When the novel opens Oppen has been living “the life of a village idiot.” He cares for his father, a shut in, in rural Madera. He has spent his first 27 years riding his bicycle through town, working odd jobs, and enduring the taunts, pranks, and outright cruelty of his pickup driving “friends” who play a “game” in which they run his bicycle off the road and into a ditch. Oppen’s offhandedness hints at the stresses — and the tragedies — that bedevil him. He accepts these cruelties with the insight that if he is being teased, then someone else, someone who isn’t as strong, will not be bullied. “Being a shield made me a stronger shield.”

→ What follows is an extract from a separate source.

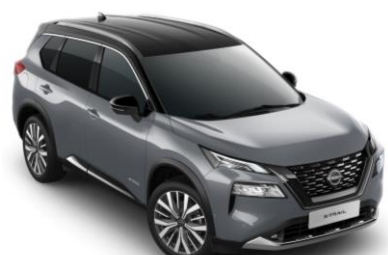
Sivá Ceramic - Čierna XEX - 1 350 €

Oppen loses his bicycle and his father on the same day. He buries his father in their yard beside the hunting dogs, according to the man’s wishes. To his chagrin, he discovers that “Everything is permitted until it isn’t.” Oppen’s innocent crime attracts the notice of television news crews, and his life is cracked open. Bereft, he leaves town dressed in his father’s suit and hat, on a quest to become a man of the world. (Wilson admits that one reason he chose Panorama City as Oppen’s destination is the joke — Porter thinks he’s come to the big city without ever reaching Los Angeles itself. )
Oppen’s voice blends three primary concerns — what he calls “the collision of ideology and improvisation one sees all over Los Angeles”; the love between a father and son; and the quest for self-actualization — into a seamless narrative. And Oppen himself acts as a hinge between generations. Over the course of the novel he buries his father and awaits the birth of his son. His own self-actualization takes place between the two events.
From the narrator’s name to his series of adventures, this story has qualities of fable, and the Los Angeles area lends itself nicely to fabulism. The name Oppen Porter suggests open doors, gateways, and a person employed to carry burdens. Porter, with his ...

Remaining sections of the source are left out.